There is a page on the site that is available only after you log in to the site.

Need to parse this page. How can this be done? That is, first, whether somehow to log in programmatically, and then how to parse, I'll figure it out :)

The languages ​​you want to use are Python or Java (more preferable). But if you need some other specific language or framework for this, then I’ll learn, no big deal. Need a recommendation, I will be grateful

  • See how authorization goes on the site: ctrl + shift + i -> network. Go to the login page -> login -> click on the first entry in the network tab. Look at what the user sends (the Form Data tab), with what headers (request headers) - pay attention to the cookie string, it may be useful, and what the server responds (response headers) - focus on Set-Cookie - these are some of these cookies We will use in subsequent requests. - XxX
  • Next, write an authorization function that will send a post-request for authorization (to the page specified in the Referer field in the same network'a tab). If everything went well, the program should find and write (in the database, for example) all keys + values ​​for the Set-Cookie in the response. in subsequent requests just add these cookies to the heder, and you will be happy :) If at some point the server starts to return 403 errors - re-use the authorization function and update the values ​​of the cookies - XxX

2 answers 2

Look at the authorization on the site: ctrl + shift + i ( chrome ) -> network . Go to the login page -> login -> click on the first entry in the network tab.

Take a look:

  1. what the user sends ( Form Data tab)
  2. with what headers ( request headers ) - pay attention to the line with the cookie, it can be useful
  3. and that the server responds ( response headers ) - attention to Set-Cookie - these are the cookies (or some of them) that the program will / can use in its requests. Also, a token can be used for authentication - view the response body.

Next, write an authorization function that will send a post-request for authorization ( to the page specified in the Referer field in the same network'a tab ). If everything went well, the program should find and write ( in the database, for example ) all the values ​​for a Set-Cookie or some kind of token in the server response header. In subsequent requests, simply add these cookies to the request header.

If at some point the server starts to return 403 errors - re-use the authorization function and update the cookie values.

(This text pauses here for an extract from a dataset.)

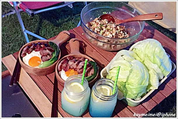 昨晚到了營地凱若還不敢睡覺急著先把隔日早餐要喝的紅茶先煮好,一早醒來就有港式早餐吃太幸福了!

    You can see the parameters of the request sent by the browser when logging in to the browser console. If this request is programmatically repeated, you will need to obtain authorization data. It may be a cookie for example, or a token in the response body.

    Next you need through the same browser console to see which request the site sends to a private resource. Authorization data must be attached to the request. In the form of a request header usually.

    Next you need to repeat this request programmatically. The language can be used any, nothing new and special need to learn. The main thing is to find out the parameters of the request.